From Thom Rainer’s Blog:

6 Benefits of Having a Church Staff Blog
Communicating with church members has become more and more difficult as the frequency of church attendance has waned over the past few decades. A “regular church attender” used to mean attending three times per week; now it’s three times per month.

Because of the lower frequency of attendance, there has been increased pressure to develop more ways to communicate effectively to church members. A church staff blog is one of the most efficient ways to do this.

Simple, short posts written by the church staff can be immensely helpful to church members throughout the week. Whether you’re providing information or encouragement, your church members can benefit from a church staff blog in these six ways.

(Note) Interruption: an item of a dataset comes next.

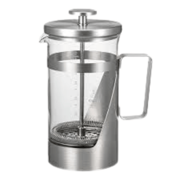 The Harior 7 is a classic coffee and tea press with modern style. This press features sleek stainless steel and Hario's signature Heatproof Glass. The glass is marked with milliliter marking, which makes following recipes a breeze. The glass portion of the press can all be removed for easy cleaning. This press holds 600 ml or about 20 fl oz.

1. Communicating the needs of each area of ministry. When your church staff blog on a regular basis, they have the opportunity to let the entire church know what’s going on in the ministry they lead and where they may need help. In children and student ministry, the need for volunteers is constant. In the music ministry, needs may involve a special event or service. In other ministries, the needs will vary, but they can all be communicated each week through a church staff blog.

2. Helping launch new ministries. When a church determines to launch a new ministry, a staff blog allows for space to explain the need and goals of the new ministry. Over the course of a few posts, you can answer questions, recruit team members, and cast vision to help launch new ministries in your church.

3. Updating members on church-wide campaigns. Churches often journey through capital campaigns or a specific season of spiritual focus. Staff blogs can track progress, give updates, and encourage further participation in these campaigns.

4. Promoting upcoming events. This might be the most obvious use of a staff blog, but it can be the biggest downside if overdone. If all your blog does is promote event after event, it becomes white noise to your members. Strategically promote events and mix this in with other content so event promotions stand out to your readers.

5. Celebrating wins. What you celebrate, you become. If you use a staff blog to celebrate what is happening in your church, it will encourage members to invest more in what is happening at your church. There is something to be said for excitement and how it motivates us toward Kingdom work. Celebrating your wins as a church only encourages involvement in what God is doing through His Church.

6. Showing how God is moving in the church. Related to the previous point, staff blogs can offer spiritual encouragement from leaders and provide an avenue to post testimonies of how God is working in the lives of church members. This is not only an encouragement to other members, but shows guests the power of the One we live for.